The data shows that 17.7% of new car buyers are now managing monthly payments that exceed $1,000, evidencing that affordability continues to be a significant barrier in the automotive market. This trend indicates not only the rising costs of vehicles but also the shifting landscape of consumer expectations regarding car ownership. Maintaining a high percentage of monthly payments aligns with the recent focus on luxury vehicle sales, suggesting a possible shift in what consumers expect from their vehicle purchases.

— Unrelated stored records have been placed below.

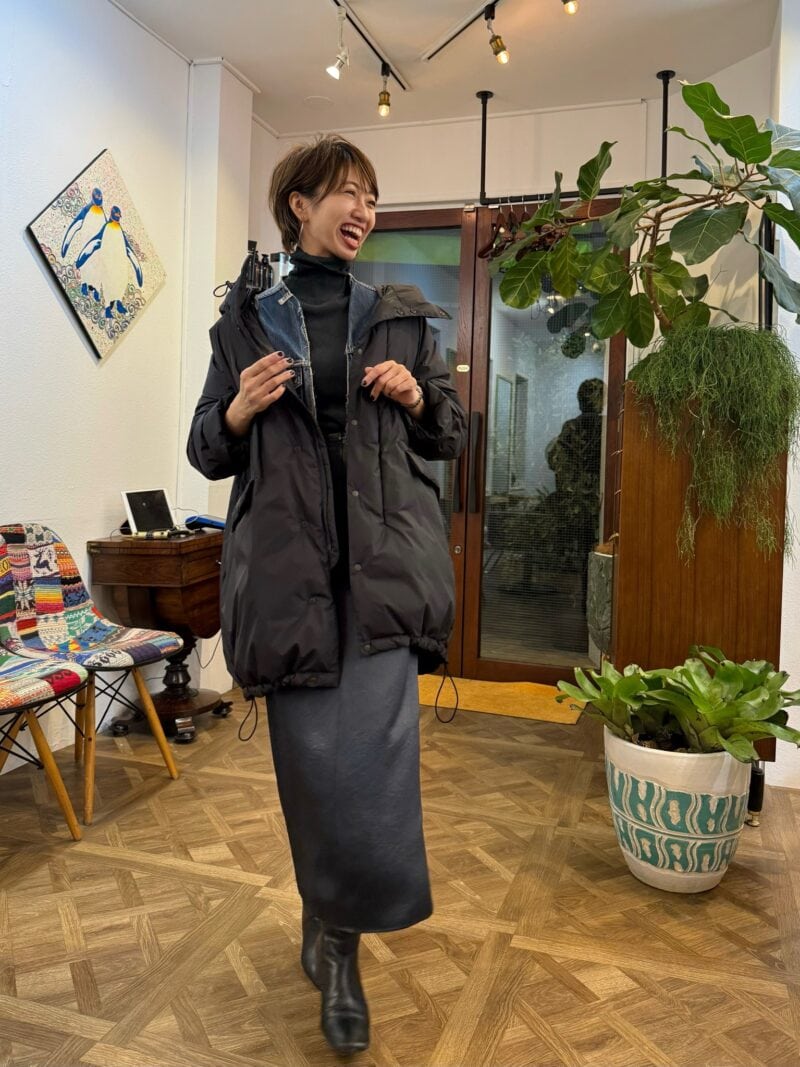ダウンコートは、細身ですっきりとしたシルエットを選ぶのがポイント。大人の着こなしにも合わせやすく、バランスがとりやすいので、おすすめです。ネイビーのタイトスカートを合わせることで、よりスタイリッシュにまとまります。ダウンの中には、デニムベストを入れ、カジュアルなニュアンスも投入。
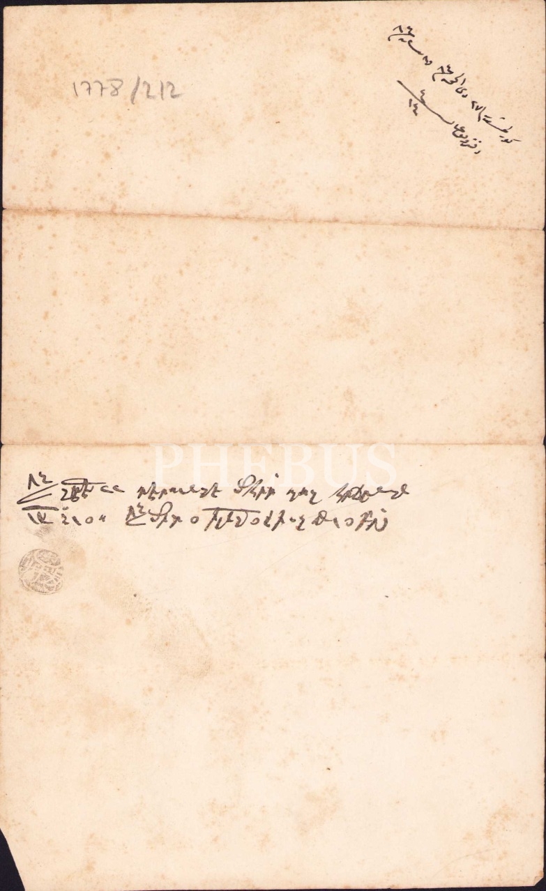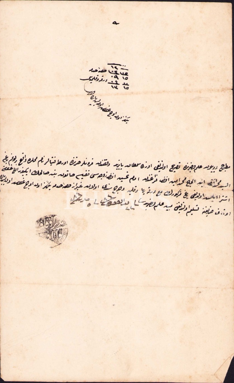 Sultan Beyazıt Han taraflarından Kayalar mahallesinde bir dönemim bağın Mehmet Emin Efendi tarafından İmam Tahsin beyin zevcesine geçmesi hakkında Osmanlıca evrak, 1284, 13x22 cm
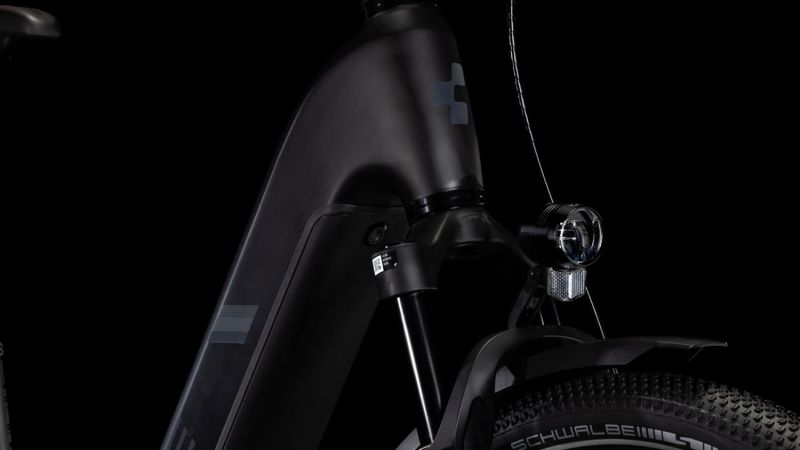 Der Tiefeinsteiger-Rahmen des Nuride Hybrid hält, was sein Name verspricht – einfaches, unkompliziertes Auf- und Absteigen sind damit garantiert. Doch da ist noch mehr: Neben einer Federgabel mit 100 mm Federweg für ein Plus an Fahrkomfort und Kontrolle hat CUBE das Chassis mit großzügiger Reifenfreiheit (sogar inklusive der mitgelieferten Schutzbleche) ausgestattet. Im Inneren verlaufende Züge unterstreichen die cleane Optik des Rahmens und verursachen kaum Wartungsaufwand. Ebenso harmonisch ins Design integriert sind der Bosch CX Antrieb und der starke PowerTube Akku. Außerdem gibt’s einen Kettenschutz sowie ein UDH für einfachere Ersatzteilverfügbarkeit. Was noch? Serienmäßig verbaute Schutzbleche, Lichter und ein Seitenständer. Da kann das nächste Touren-Abenteuer kommen!
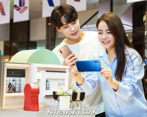 삼성전자가 갤럭시 스마트폰 최초로 트리플 카메라를 탑재한 영 프리미엄 스마트폰 ‘갤럭시 A7(Galaxy A7)’을 23일 국내에 출시한다고 밝혔다.
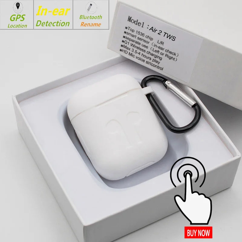 New Features: Pop up animation connect (Open the lid, no need to take out the Earbuds) Android smartphone Open the lid to search bluetooth name to pairing ! Main Specification 1.Smart in-ear sensor 2.Support Bluetooth Rename and GPS Positioning 3.Music time 3.5-4 hours 4.Separate use Left earphone and Right earphone 5.Voice assistant support Siri 6.QI Wireless Charging 7.Pop up 3 Real Battery (Loda chip 100% real,Jerry chip maybe not) 8.Left & Right Earphone + Charing Case Battery Show ! 9.HD MIC better than i12 i20 i500 i200 i8000 TWS 10.1:1 Replica size air 2 11.Tap Control like Original 12.Enhanced bass/audio quality 13.Auto power on/off 14.Binaural calls,Previous song, Next song
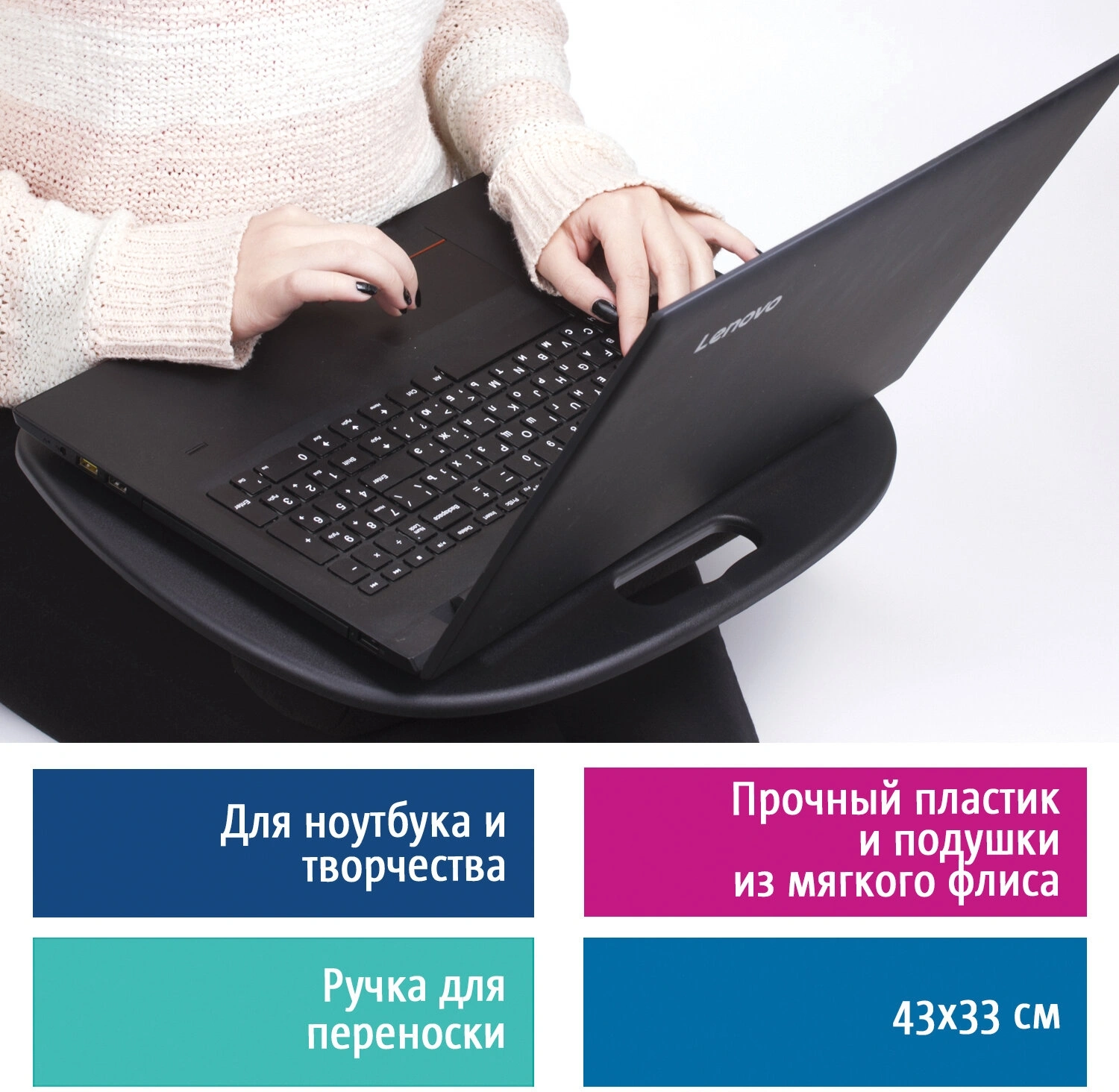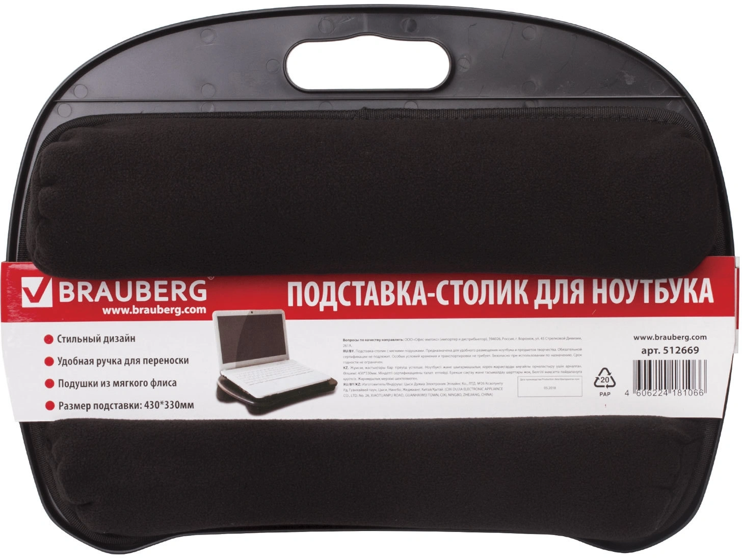 Подставка-столик BRAUBERG позволяет с комфортом работать на ноутбуке, писать и заниматься творчеством в любом месте! Изготовлена из прочного ABS-пластика. Снабжена 2-мя подушками из мягкого флиса для комфортного расположения на коленях. Для удобной транспортировки предусмотрена ручка.

Understanding the Impact of Interest Rates

Shop owners should also pay close attention to the interest rates affecting these long-term loans. With the average annual percentage rate (APR) holding steady at 7.1%—a significant rate compared to previous years—many consumers are forced to accept longer loan durations to accommodate the increased monthly costs associated with financing. This financial pressure not only affects buyers but can also impact what types of vehicles they consider for service and repairs in your shops.

What This Means for Repair Shop Owners

The increase in long-term loans and high monthly payments may suggest that consumers are retaining their vehicles longer. This can mean more business for auto repair shops as owners look for maintenance services that keep their vehicles performing well. Knowing that many buyers are extending their loans could imply that they prefer to spend on repairs rather than new purchases in the short term.

Future Economic Impacts on Vehicle Dynamics

As auto tariffs come into effect, there is potential for further upward pressure on vehicle prices, which may exacerbate current market trends. Repair shop owners can prepare for this evolving landscape by implementing proactive customer engagement strategies and focusing on high-quality service that can help customers feel good about maintaining older vehicles.

How can Auto Repair Shops Adapt?

Understanding these market dynamics allows for informed decisions about service offerings. Consider providing a premium service for older vehicles, or perhaps exploring financing options for bigger repairs, similar to the car loans consumers are opting for. Remember, when customers are dealing with longer loan terms and higher payments, they might very well appreciate options that make repairs manageable without financial strain.

There are also unique opportunities to connect with clients through educational seminars or content on maintenance, helping them understand the value of ongoing service on longer-term financing. Staying ahead of these trends not only helps your business thrive but creates a loyal customer base that trusts your expertise in these uncertain times.

As we watch the affordability landscape evolve, it's clear that understanding the trends impacting financing decisions will give you an edge in providing tailored services that meet your customers' needs. Be proactive and ready to adapt your service offerings to align with the changing financial landscapes your customers face every day.